EXERCISE OBJECTIVE: Using the data below, transcribe exactly everything from the line that contains "Then, select the" down to the line that contains "سویق کودک سالمین". Include both of those lines and none of the pictures.

RECORDS FOR THE TASK:
──────

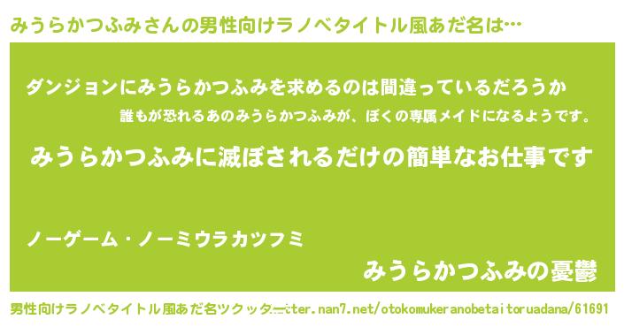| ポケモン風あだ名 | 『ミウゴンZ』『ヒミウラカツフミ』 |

──────

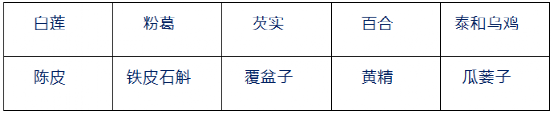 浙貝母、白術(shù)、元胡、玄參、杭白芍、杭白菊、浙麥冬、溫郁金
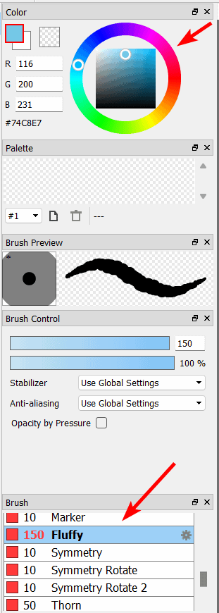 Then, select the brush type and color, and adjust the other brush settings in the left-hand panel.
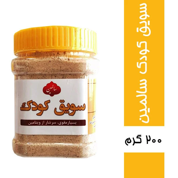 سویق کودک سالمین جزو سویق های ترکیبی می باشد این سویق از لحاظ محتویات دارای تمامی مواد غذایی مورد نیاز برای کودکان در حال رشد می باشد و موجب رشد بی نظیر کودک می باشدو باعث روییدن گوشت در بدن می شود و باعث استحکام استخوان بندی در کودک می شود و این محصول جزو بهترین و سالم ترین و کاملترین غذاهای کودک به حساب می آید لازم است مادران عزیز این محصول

──────

EXERCISE OUTPUT:
 Then, select the brush type and color, and adjust the other brush settings in the left-hand panel.
 سویق کودک سالمین جزو سویق های ترکیبی می باشد این سویق از لحاظ محتویات دارای تمامی مواد غذایی مورد نیاز برای کودکان در حال رشد می باشد و موجب رشد بی نظیر کودک می باشدو باعث روییدن گوشت در بدن می شود و باعث استحکام استخوان بندی در کودک می شود و این محصول جزو بهترین و سالم ترین و کاملترین غذاهای کودک به حساب می آید لازم است مادران عزیز این محصول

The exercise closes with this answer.